Kofi booted the ball between two small trees that served as their goalposts and it clattered into the wooden fence. ‘Goal!’ he shouted, leaping and punching the air before running a victory lap around the garden.

At these moments Zac wished time could stand still. That they might stay cocooned in this home together, safe from everything bad that lurked out there in the world. That he could protect Kofi and Etta in the way he should have looked after Amelia. Joy abruptly turned to unresolved shame.

‘Come on, Ko, let’s wind it down now.’

‘Da-ad,’ he protested. ‘I want to keep playing.’

‘Hey.’ Zac knelt down, eye-level with his son. ‘If you’re a good boy and brush your teeth properly, I’ll come and read you a story in bed.’

Kofi’s face lit up. ‘Promise?’

‘Promise.’


After turning Kofi’s light out, Zac headed back downstairs. They had a dining room but preferred to eat at the smaller kitchen table. There, golden chicken thighs were piled atop steaming rice, fried plantain and greens on the side. He put some jazz on low, poured the wine, then planted a huge kiss on Etta’s forehead as he sat down. ‘Thank you. Exactly what I needed.’

She clinked glasses with him and sipped. ‘Tough day?’

Zac nodded, mouth already full.

‘Any progress?’

‘Not a lot,’ he managed through bulging cheeks. Sometimes he told Etta about his work; her methodical brain helped him register an omission or error of logic. In other cases – usually the most violent – it was better to say nothing.

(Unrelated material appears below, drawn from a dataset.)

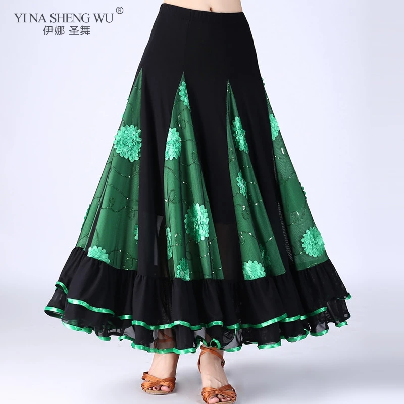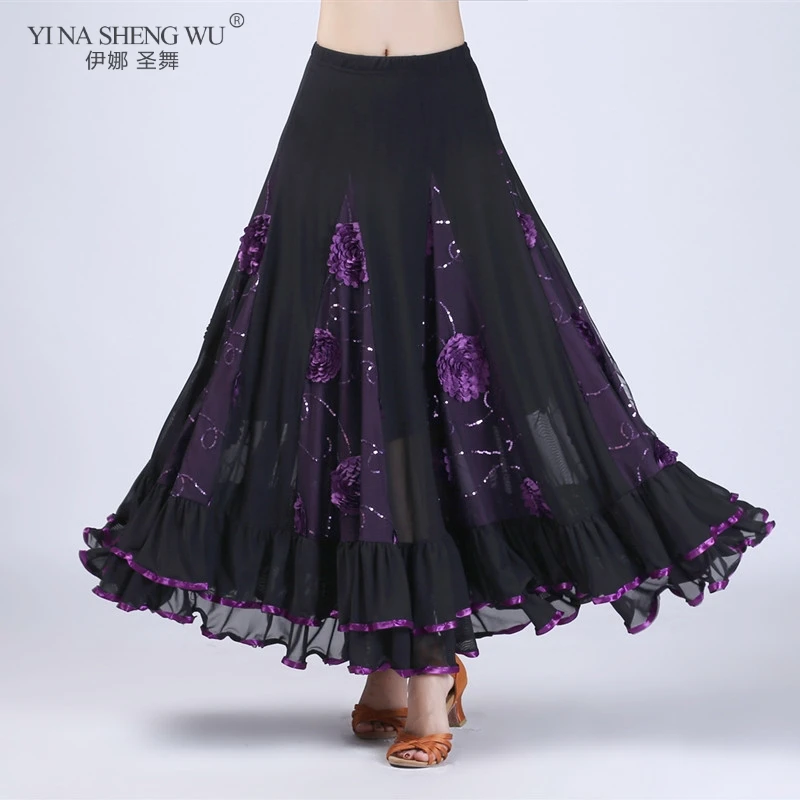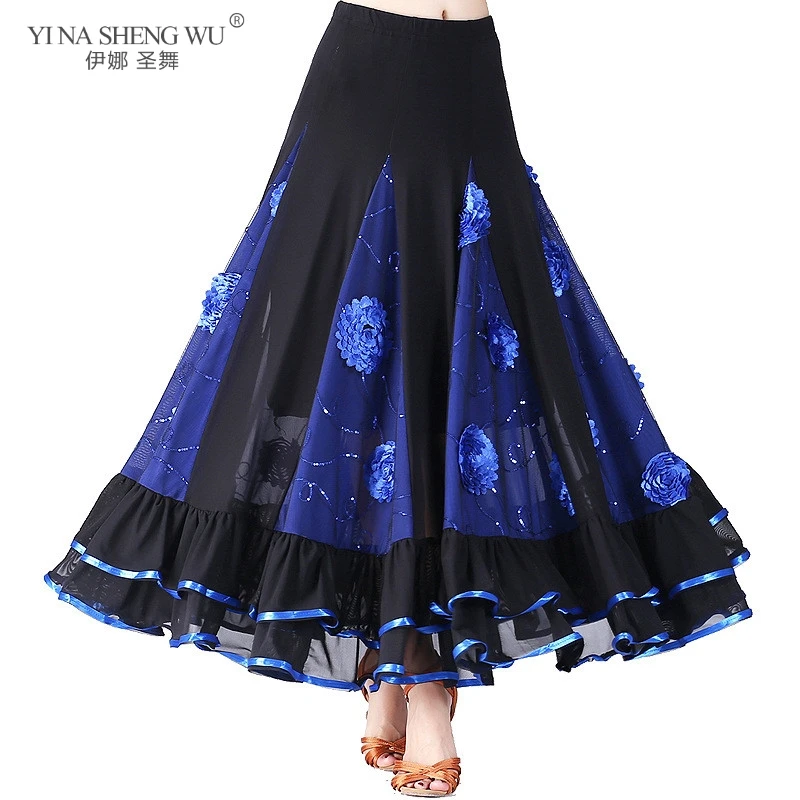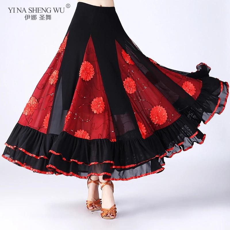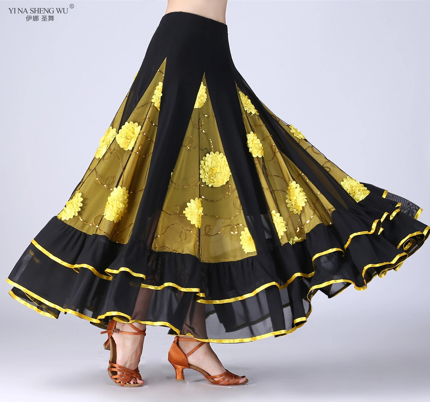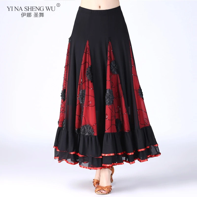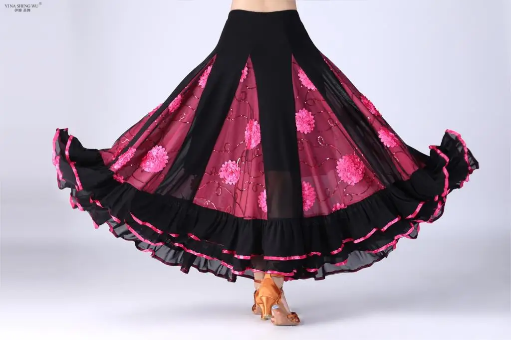 Женская длинная юбка для танца живота, 9 видов цветов юбка для танцев, Цыганская юбка для выступлений, женское платье для танцев, длинная испанская юбка

She knew which it was now.

‘Better luck tomorrow then?’

‘Has to be.’

Etta laid a hand on his.

Zac’s smile faded as he caught Amelia’s photo on the side. ‘Five years coming up.’

She followed his gaze to the picture and paused, weighing her words. ‘We’ll never forget her, but we’ve got to move on, love.’

‘Don’t know if I can,’ he replied, taking a large gulp from his wine glass. ‘When the bastard who did it’s out free.’ He spat the words.

‘Revenge won’t do any good.’

‘I’m not talking about that,’ he snapped. ‘I mean justice.’

‘Then why are you angry?’

‘I’m not, I just—’ He stopped, put down his cutlery and took her hand. ‘Sorry.’

Etta leaned over and slid her arm round him as they both looked towards Amelia’s portrait.

‘How was your day?’ he said eventually, calm returning to his voice.

‘Alright. I went to the gym while Kofi was over at Neon’s house.’

‘On the estate?’

‘It’s not that bad, Zac. And Neon’s a nice boy. Kofi had fun.’

‘I know, I just want to make sure he’s safe.’

‘Me too. But he’s got to play, see his friends. Have a life.’ She took a sip of wine. ‘We can’t protect him 24/7.’

Zac considered this. ‘You’re right.’ He smiled and took up his knife and fork again. ‘I should’ve learned by now – you normally are.’